WHAT THE TASK REQUIRES » Every line of the listing below should come back exactly as written, with no images.

[[ COLLECTED DATA, beginning ]]

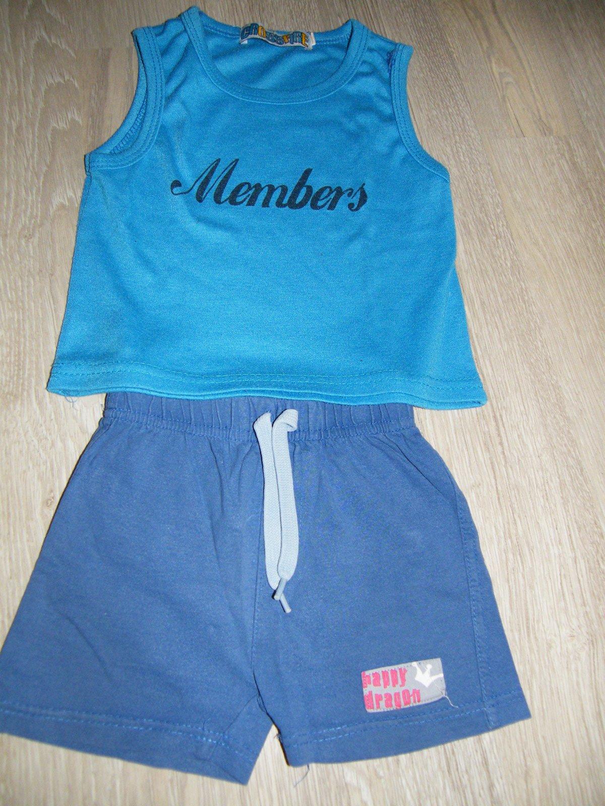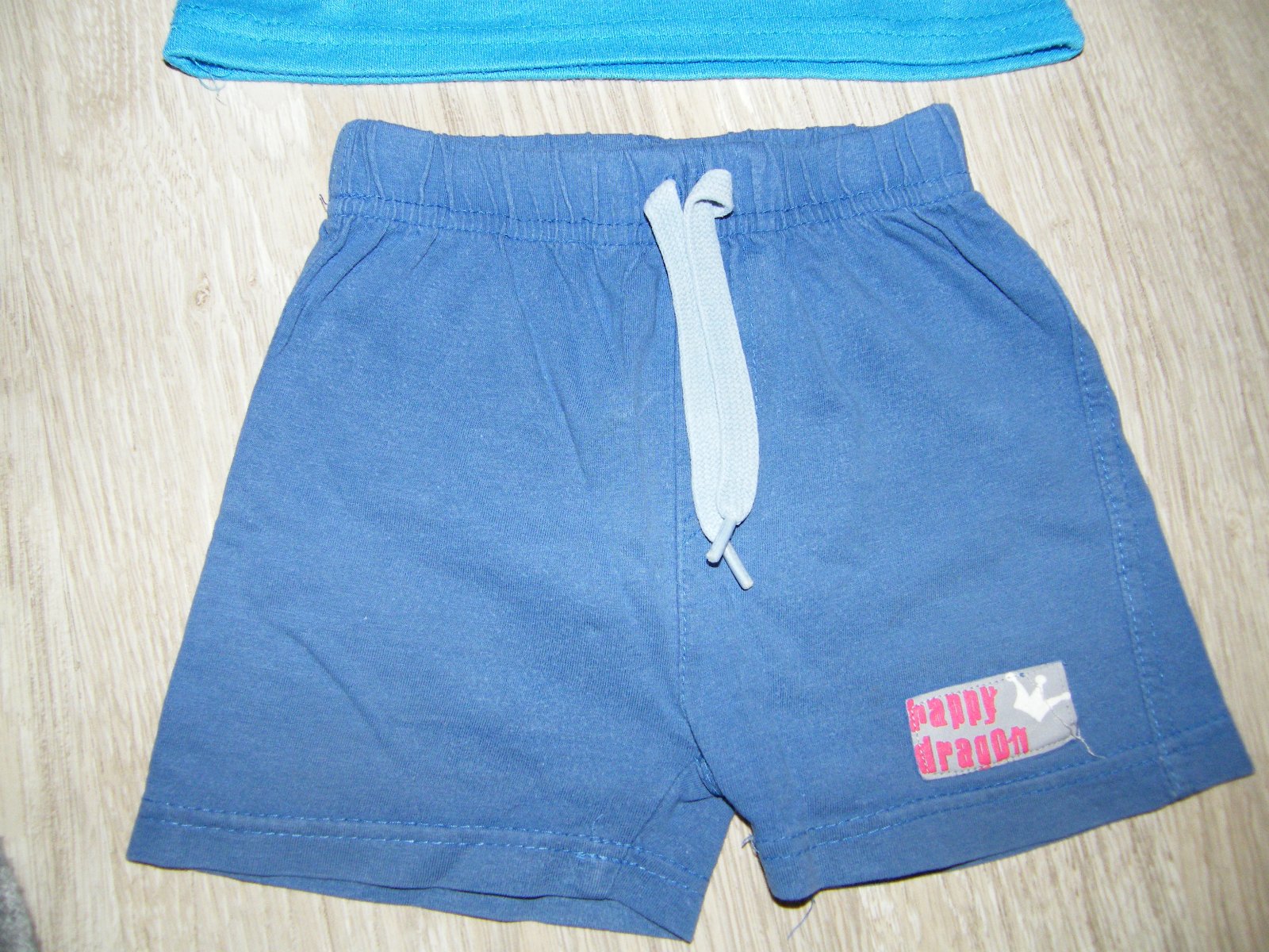 tričko ma minižmolky, na kraťasoch vidno pranie na farbe, ináč v poriadku bez poškodení. K bazénu na dvor, do piesku ešte isto poslúžia. Kraťasky sú menšia veľkosť, ale môj nosil už bez plienky ako 1-2ročný.
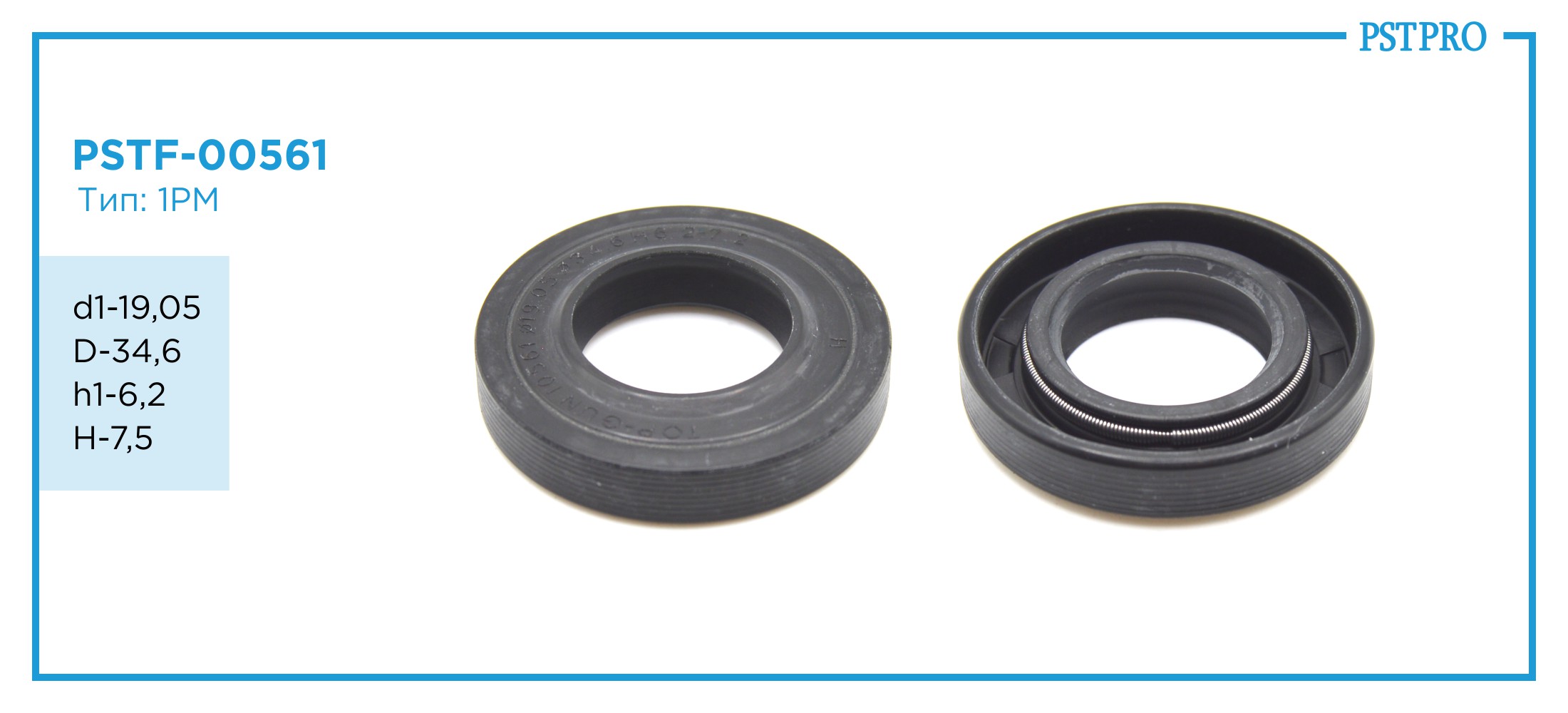 Технические характеристики Сальник d1-19,05 D-34,6 h1-6,2 H-7,5 Тип: 1PM:
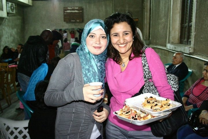 Na de dienst gaan we naar de binnenplaats van de kerk voor verdere ontmoeting onder het genot van thee en hartige hapjes. Ik vraag aan enkele mensen hoe ze terugkijken op de bijeenkomst. Een moslim vindt het fantastisch dat we zo samen konden zijn. Een gemeentelid is ook enthousiast: “Onder moslims doen soms verhalen de ronde dat christenen in hun kerken wapens hebben of gekke dingen doen op seksueel gebied, maar nu hebben ze kunnen zien hoe we echt zijn.” Een paar maanden geleden had ds. Tharwat dat verhaal van die wapens ook al eens in een preek aan de orde gesteld. Hij zei toen dat hij voor een krant een artikel had willen schrijven onder de titel: “Inderdaad, wij hebben een wapen in de kerk,” waarbij hij dan uit zou leggen dat dit wapen het gebed is, maar hij vreesde dat sommigen alleen de titel zouden lezen, en daarom beperkte hij zich maar tot een preek over dit onderwerp.
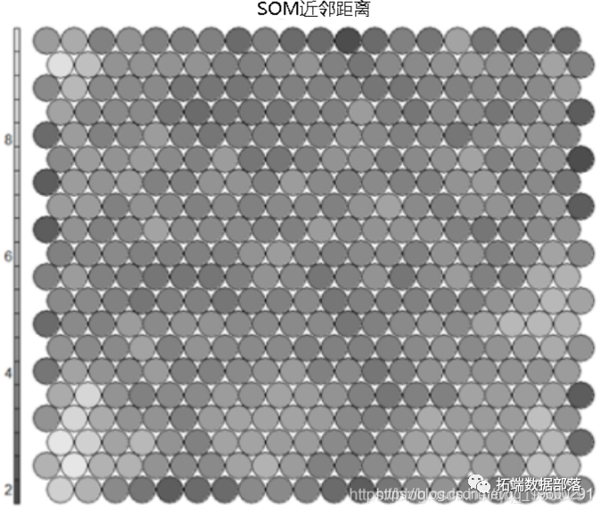 通常称为“ U矩阵”,此可视化表示每个节点与其邻居之间的距离。通常使用灰度查看,邻居距离低的区域表示相似的节点组。距离较大的区域表示节点相异得多。U矩阵可用于识别SOM映射内的类别。# U-matrix 可视化

[[ COLLECTED DATA, end ]]

ANSWER BELOW »
 tričko ma minižmolky, na kraťasoch vidno pranie na farbe, ináč v poriadku bez poškodení. K bazénu na dvor, do piesku ešte isto poslúžia. Kraťasky sú menšia veľkosť, ale môj nosil už bez plienky ako 1-2ročný.
 Технические характеристики Сальник d1-19,05 D-34,6 h1-6,2 H-7,5 Тип: 1PM:
 Na de dienst gaan we naar de binnenplaats van de kerk voor verdere ontmoeting onder het genot van thee en hartige hapjes. Ik vraag aan enkele mensen hoe ze terugkijken op de bijeenkomst. Een moslim vindt het fantastisch dat we zo samen konden zijn. Een gemeentelid is ook enthousiast: “Onder moslims doen soms verhalen de ronde dat christenen in hun kerken wapens hebben of gekke dingen doen op seksueel gebied, maar nu hebben ze kunnen zien hoe we echt zijn.” Een paar maanden geleden had ds. Tharwat dat verhaal van die wapens ook al eens in een preek aan de orde gesteld. Hij zei toen dat hij voor een krant een artikel had willen schrijven onder de titel: “Inderdaad, wij hebben een wapen in de kerk,” waarbij hij dan uit zou leggen dat dit wapen het gebed is, maar hij vreesde dat sommigen alleen de titel zouden lezen, en daarom beperkte hij zich maar tot een preek over dit onderwerp.
 通常称为“ U矩阵”,此可视化表示每个节点与其邻居之间的距离。通常使用灰度查看,邻居距离低的区域表示相似的节点组。距离较大的区域表示节点相异得多。U矩阵可用于识别SOM映射内的类别。# U-matrix 可视化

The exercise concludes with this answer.